#### WORK TO BE COMPLETED:
Your answer should hold the data exactly as given, minus any picture.

#### GIVEN DATA:

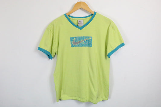 Nike T-Shirt | Vintage 90s Blue-Trim V-Neck Graphic Tee | Bright Green Classic Sportswear
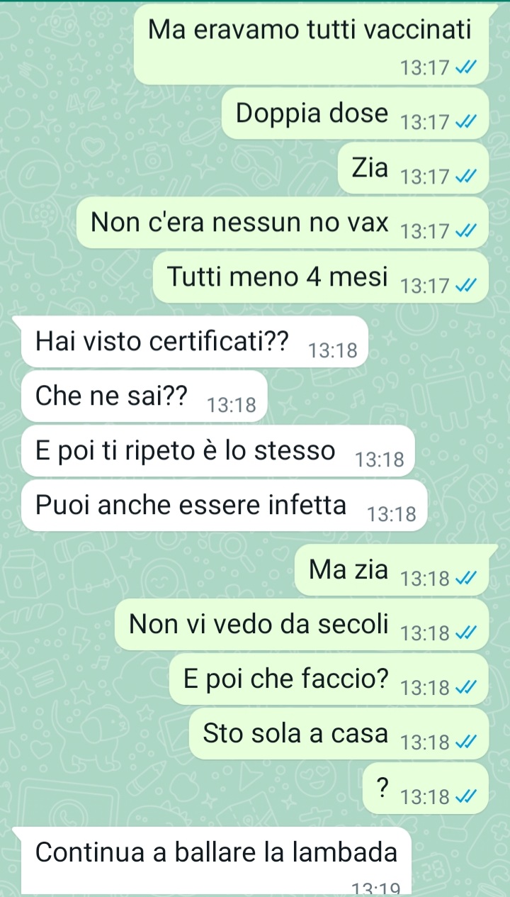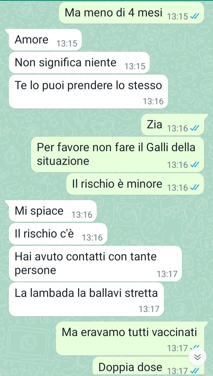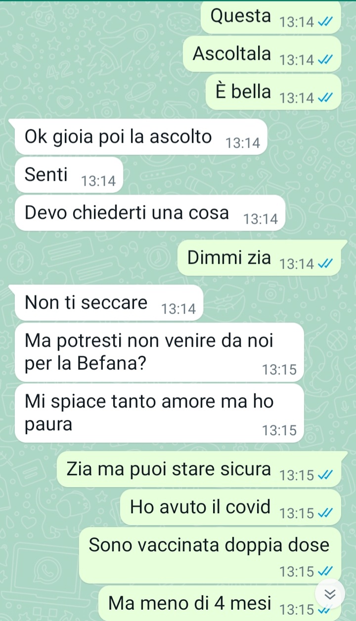 “Cosa ne pensate delle persone che ti escludono perché hai avuto contatti sociali con altri?? Io mi sento molto amareggiata. Abito a Milano da alcuni anni e scendo a casa al sud solo per le feste. Negli ultimi anni sono scesa meno, a volte bloccata dai lockdown e una volta perché avevo io il Covid che per fortuna mi è venuto in forma leggera.
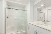 Take advantage of this fantastic rental opportunity! You'll be delighted by a spacious great room with high ceilings, a soothing palette, blinds, and durable tile flooring for easy maintenance. The impeccable kitchen boasts granite counters, sleek flat-panel cabinetry for a modern appeal, recessed lighting, stainless steel appliances, a pantry, and an island with a breakfast bar for casual meals. The primary bedroom features soft carpeting and a private bathroom with double sinks. Imagine tranquil evenings on the lovely balcony, which offers serene views of the surrounding Community. The Community showcases a recreation center, BBQ spots, a relaxing spa, a sparkling pool for refreshing dips, and well-maintained common areas. Don't miss out on this one!
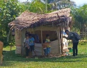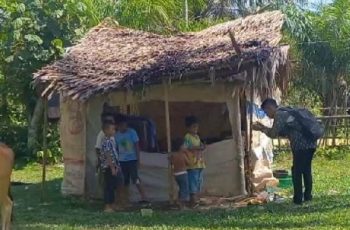 Terlihat rumahnya ditutupi dengan terpal seadanya yang beratapan daun rumbia dengan tujuan agar terhindar dari hujan, panas terik nya matahari dan angin malam.

#### SOLUTION TO THIS EXERCISE:
 Nike T-Shirt | Vintage 90s Blue-Trim V-Neck Graphic Tee | Bright Green Classic Sportswear
 “Cosa ne pensate delle persone che ti escludono perché hai avuto contatti sociali con altri?? Io mi sento molto amareggiata. Abito a Milano da alcuni anni e scendo a casa al sud solo per le feste. Negli ultimi anni sono scesa meno, a volte bloccata dai lockdown e una volta perché avevo io il Covid che per fortuna mi è venuto in forma leggera.
 Take advantage of this fantastic rental opportunity! You'll be delighted by a spacious great room with high ceilings, a soothing palette, blinds, and durable tile flooring for easy maintenance. The impeccable kitchen boasts granite counters, sleek flat-panel cabinetry for a modern appeal, recessed lighting, stainless steel appliances, a pantry, and an island with a breakfast bar for casual meals. The primary bedroom features soft carpeting and a private bathroom with double sinks. Imagine tranquil evenings on the lovely balcony, which offers serene views of the surrounding Community. The Community showcases a recreation center, BBQ spots, a relaxing spa, a sparkling pool for refreshing dips, and well-maintained common areas. Don't miss out on this one!
 Terlihat rumahnya ditutupi dengan terpal seadanya yang beratapan daun rumbia dengan tujuan agar terhindar dari hujan, panas terik nya matahari dan angin malam.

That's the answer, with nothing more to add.